Tuesday, February 23, 2010

A POLISH TABLE

I have more people than I ever expected tell me that for years they can't read my writing because it makes them tear up, cry, or down right sob. 

I wonder what it is in us that doesn't allow us to be human - to be honest.  Is it embarrassing, frightening, risky, or does it wake us up and take us to a place where we have to confront our vulnerability and humaness?

My writing is intimate, honest, and I hope brave.  Not writing from that intense and honest place inside is not writing the truth.  For me it is difficult, no it is impossible, to put words on paper when I am not being honest.  Writing or telling the truth takes me to a deeper place, whether in life, relationships, or revalations.

Sometimes it is excruciating and then sometimes refreshing.  But it is always honest. So today ask yourself if  perhaps this is a place some of you shy away from.

This morning I wrote from bed, watching the rain falling like a soft blanket of peace on the bay at South Padre Island.  The world here is in shades of gray.  I listen to Josh Groban sing, "like the sound of silence calling," and I feel an underlying sense of sadness and yet an overwhelming sense of peace.  The world is still for me this morning.  I am used to the friendship of loneliness.

So as I actually write with pen and paper, I find I am sad for a friend who told me this week that he was fundamentally 'not happy' and another tell me he 'was just trying to stay alive.'  It was interesting that in their honesty to tell me the truth, they found the precise language to say it. As in my writing, I must find the precise words that are not polished or false to convey a message, a thought, or pain.  Again I ask why do we live in places where our souls aren't ?

To tell the truth is exhausting, but detrimental to do it any other way. My writing must leave no doubt as to what I am telling you, or not telling myself.  So I write about what I darn well want to.  There is enough bitterness and falsehood in writing and in life. So yes perhaps there is an energy to my writing, an emotional ability to touch people in a place inside of them where they find tears that need to be released.  And that is good, and that is real ,and that is honest, and should be held close to the heart.
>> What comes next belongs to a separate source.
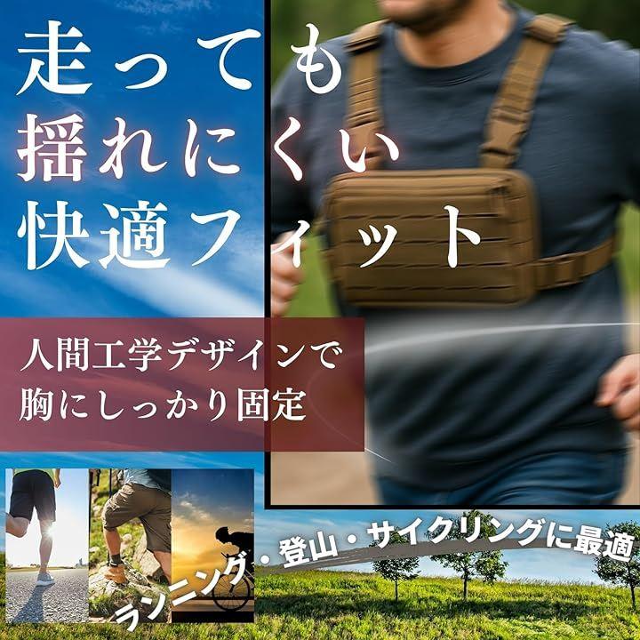 「ランニングでも揺れにくい安定設計」 人間工学に基づいたチェストリグ形状で、胸元にしっかりフィットして揺れを抑える安定感を実現。

I have an extraordinary one hundred year old eight foot table whose top was once a floorboard from a  farm house in Poland.  This table holds stories and beauty and clarity and truth.  Not polished, not hiding deformities, it is honest in its realness.  I love and am humbled by this table, as it does not hide the past, the mistakes, the love, the footprints of life as it reveals itself.

So yes, revealing myself might make others uncomfortable or sad, because they might be caught up in choosing to hide from the reality of their own lives.  Author Julia Cameron, writes in The Right to Write, "They might just not want to know what they know. So they stear clear of the page and the clarity that it affords them."  She continues, "The truth  is not always pleasant, but the results of truth are a solid sense of self, a safe sense of possibility and a companion to walk us from the life that we've got now into the life we would like better."
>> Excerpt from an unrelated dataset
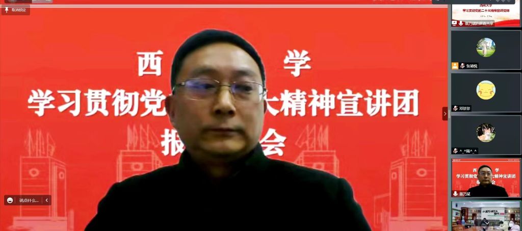 12月28日,学院通过腾讯线上会议召开2022年第八次党委理论学习中心组学习会,深入学习领会党的二十大精神。学院党委理论中心组成员参会,党委书记潘玉锋主持会议。

So today in the fog on the island, I write to plunge deeper into who I am, to be brave, caring, and vulnerable.
Today and most days, I write about something that touches me, and I write these things to share and touch someone else.

And today I invite you to open your eyes to life, with all of its pain, deformities, and confusion.  For this is facing the truth. Cowering in a corner hiding  fills your life with empty pleasures, as you get lost in extremes of fear, indulgences, distractions, or avoidances, that keep you out of balance.  Don't let your life become a record of all the things you wish you had done, might have done, or should have done.

Letting go of what we had once hoped for, what we had thought our lives would or should be, allows us to be fully present right where we are right now.  Perhaps it is in this letting go of what we think defines us that we come face to  face with the fear of being empty, alone, or deprived.  But we also just might find life. Jack Kornfield in Soul Food, says "Letting go of our fear and habits allow a more spacious wisdom to emerge." 

Maybe, just maybe it is all the stuff, all the crap, that we go through and endure that keeps us moving forward.  Maybe letting go of our fear is exactly what we need. Perhaps that is where we find the truth and life.